**Data for this exercise**
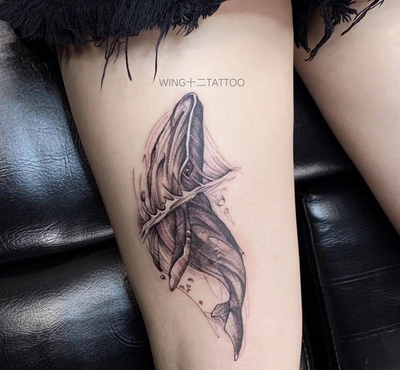 小鲸遮盖纹身图片_腿部图腾纹身图案
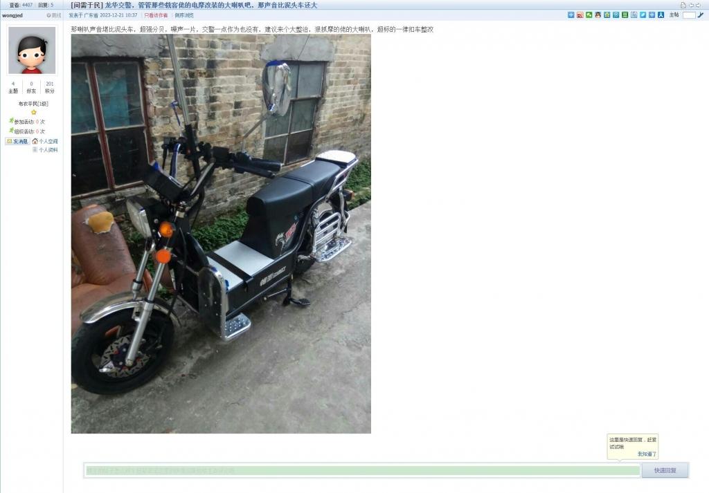6、帖文《龙华交警,管管那些载客佬的电摩改装的大喇叭吧,那声音比泥头车还大》
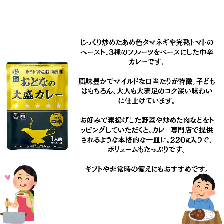 宮城製粉 レストラン仕様 おとなの大盛りカレー 220g×20個セット (20袋, 中辛)
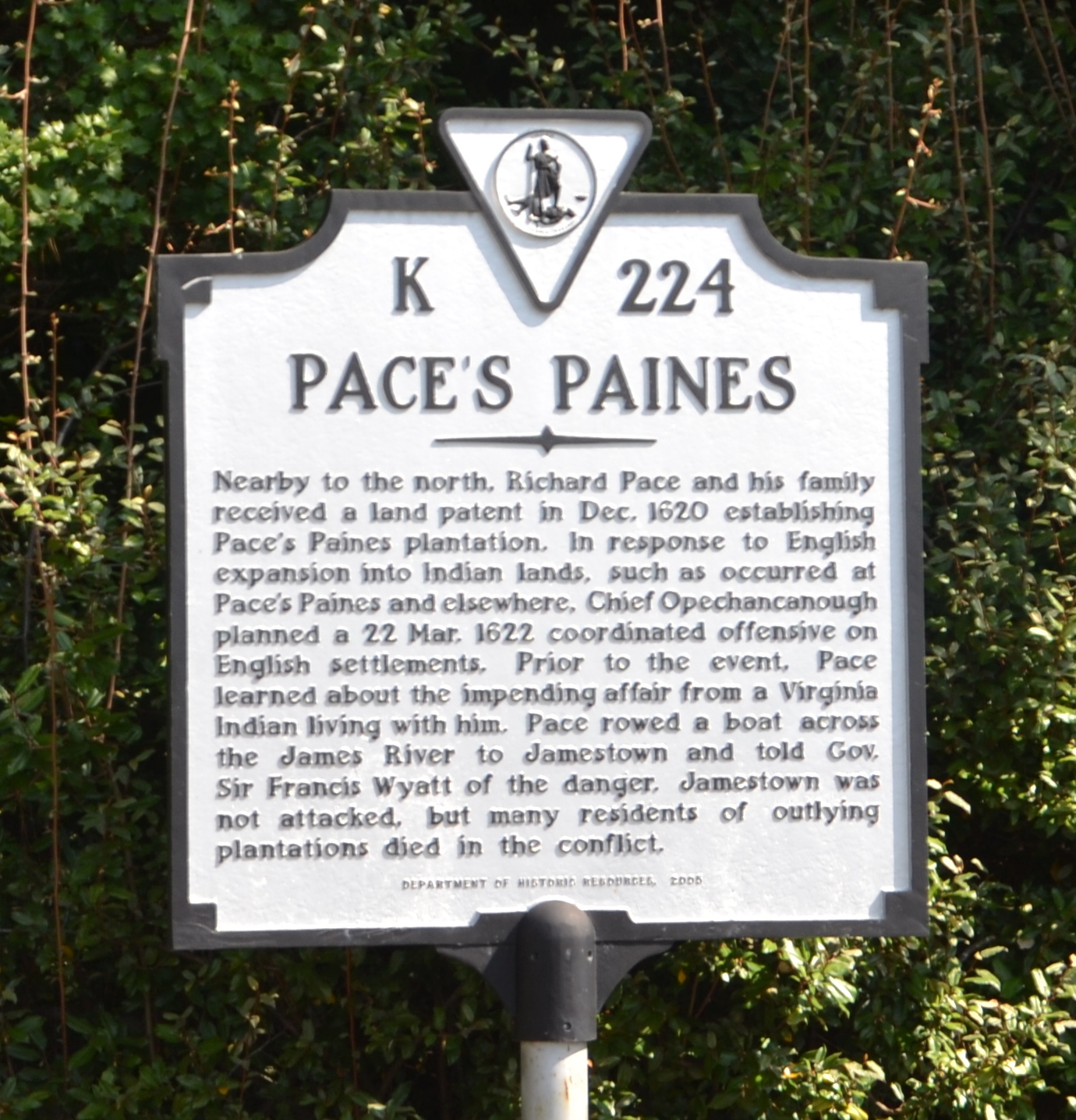 And a couple of memories I have of Virginia history relating to Pace’s Paines: the Indian who notified Richard Pace about the planned attack was named Chanco. I’m not sure why that fact was omitted from the sign.
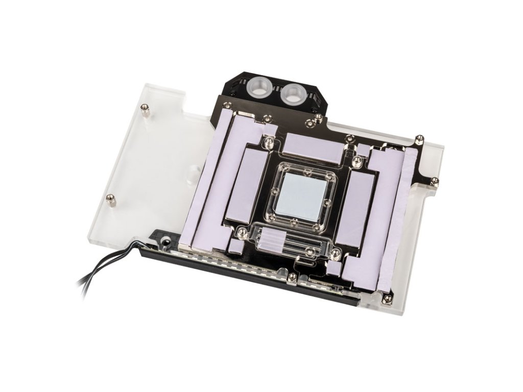 50 mikrokanálov umožňujú maximálny odvod tepla a poskytujú chladiaci povrch, ktorý dosahuje nízke teploty a umožňuje vysoký výkon. Na dosiahnutie tohto cieľa je chladiaci blok vyrobený z poniklovanej medi.Osvetlenie RGB na svetelné efekty
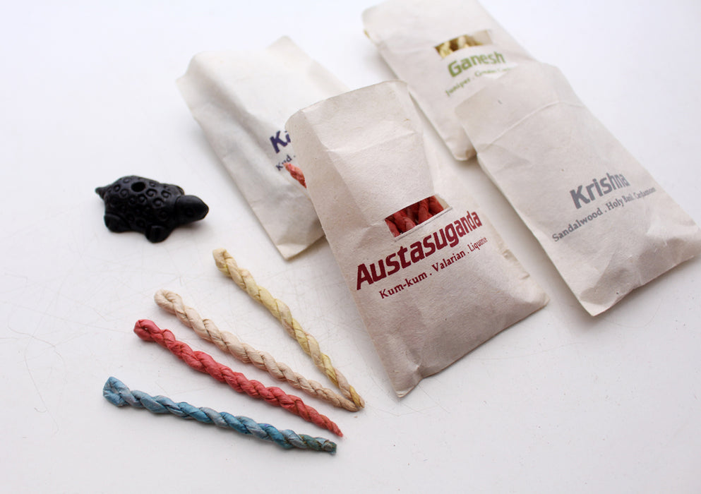 The incenses are wrapped in a Nepalese lokta paper box in a separate lokta paper pouch. The individually wrapped incenses are as follows:
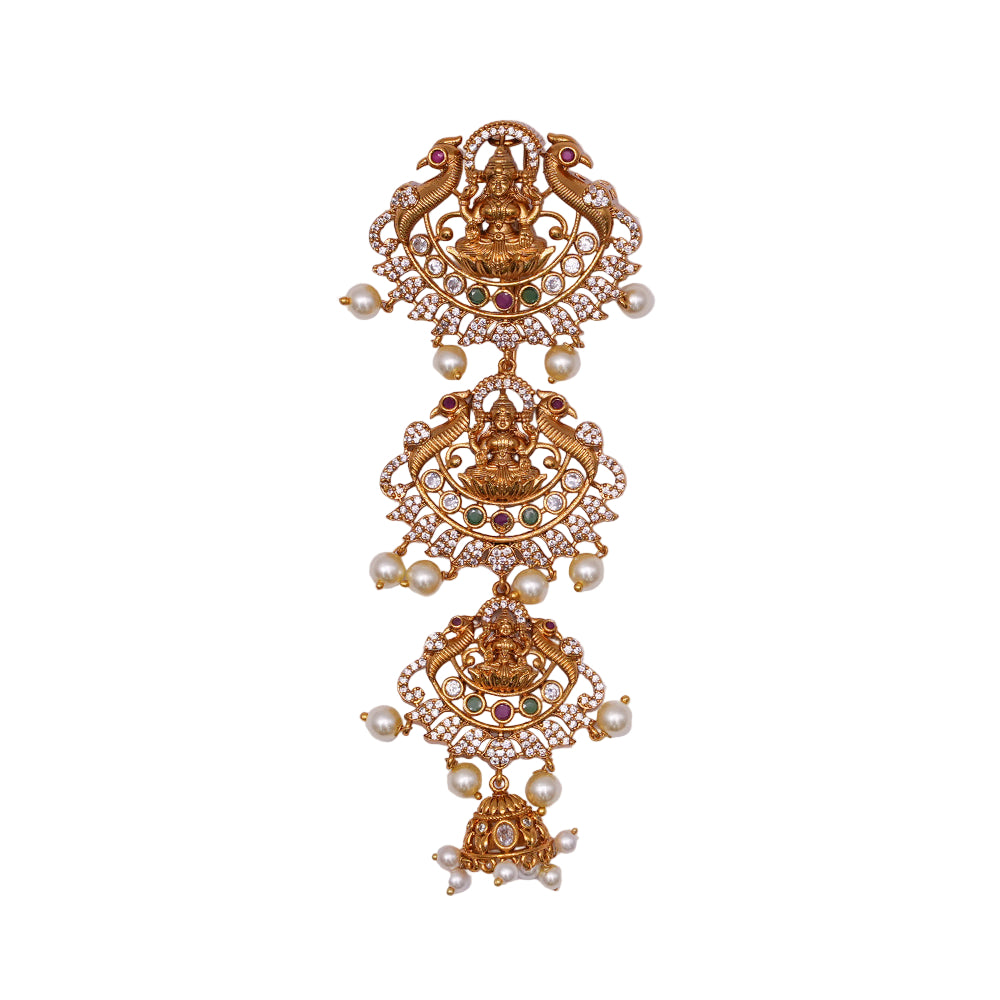 Enhance your bridal or festive hairstyle with this stunning temple-style Jada Set from She Needs. Showcasing an elaborate depiction of Goddess Lakshmi seated in divine grace, accompanied by intricately carved peacocks and elephants, this piece is a tribute to traditional temple jewelry. Embellished with shimmering CZ stones, ruby and emerald-toned gems, and elegant pearl danglers, this Jada set is crafted to make a statement. Ideal for South Indian bridal looks or classical dance performances, its antique gold matte finish and detailed craftsmanship exude timeless elegance.
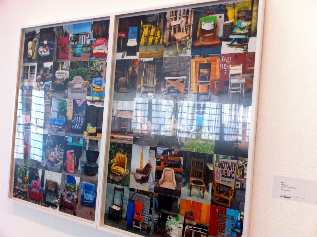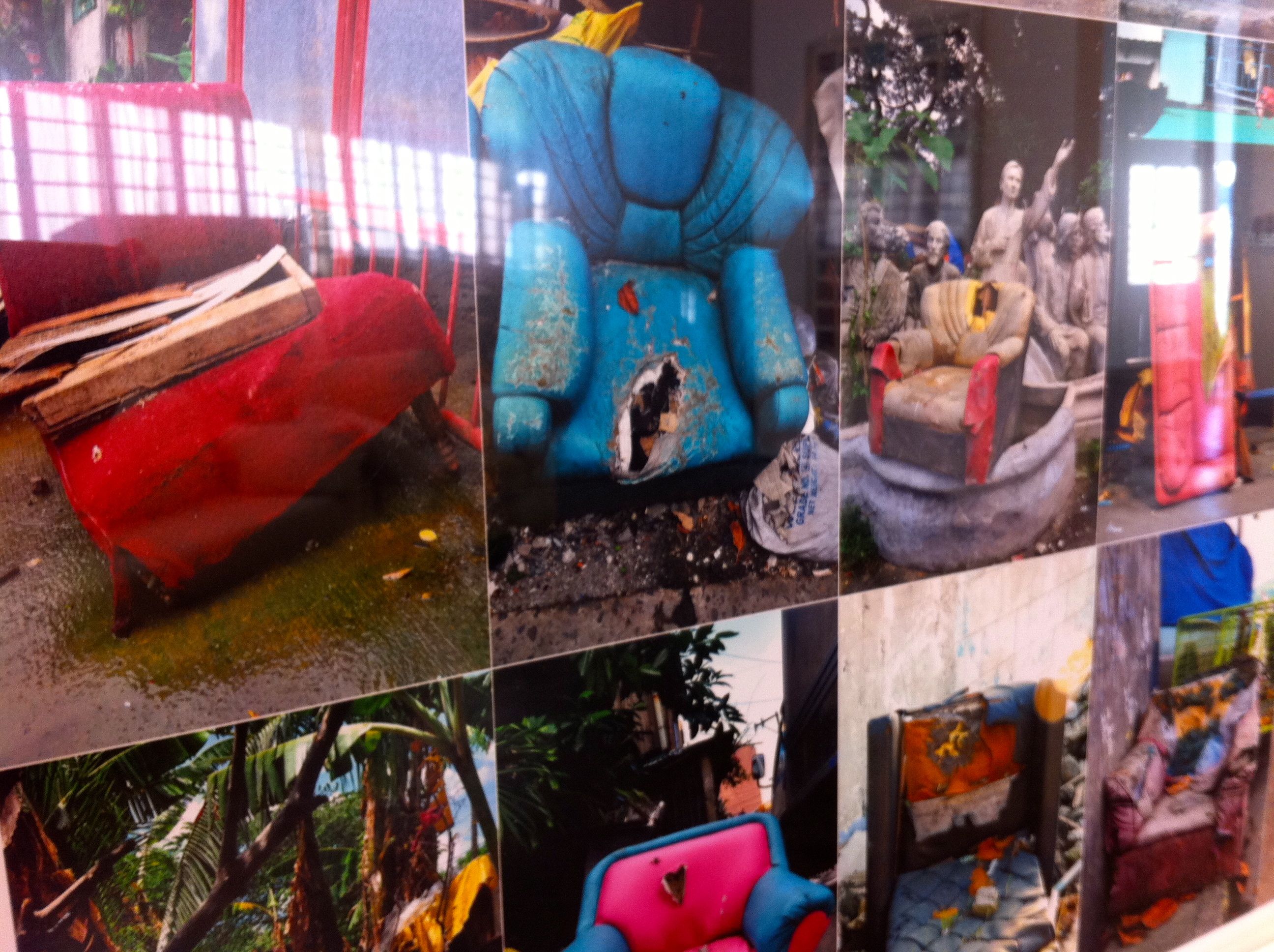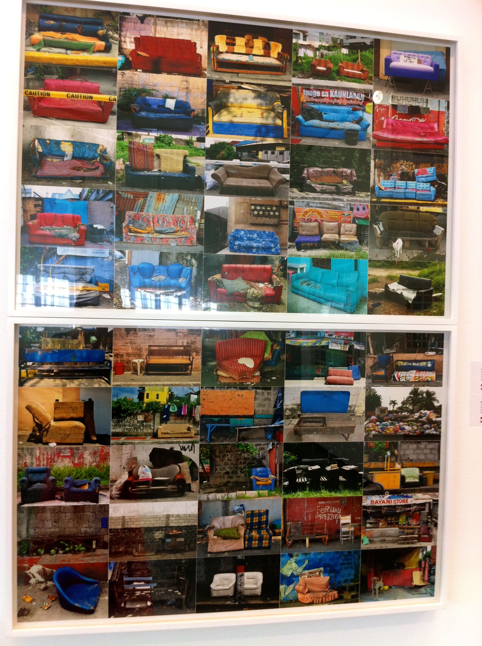 In this show, MM reconfigures colored photographs from a trove encompassing ten years of work. Among them, a wonderful series she calls Sit, a collection of photographs of used couches and armchairs. Abandoned on roadsides, or gouged with their springs exposed, some with their floral upholstery set against grimy concrete walls, or standing awkwardly on three wooden legs, MM’s chairs chronicle the seedy side of the city. Study the background detail of the images in Sit I and Sit II, and you realize that they could have only come from the environs of Metro Manila.

**Work instructions**
Repeat only the lines from the beginning of the material through the line containing "And a couple", both ends kept, leaving pictures out.

**Answer area**
 小鲸遮盖纹身图片_腿部图腾纹身图案
6、帖文《龙华交警,管管那些载客佬的电摩改装的大喇叭吧,那声音比泥头车还大》
 宮城製粉 レストラン仕様 おとなの大盛りカレー 220g×20個セット (20袋, 中辛)
 And a couple of memories I have of Virginia history relating to Pace’s Paines: the Indian who notified Richard Pace about the planned attack was named Chanco. I’m not sure why that fact was omitted from the sign.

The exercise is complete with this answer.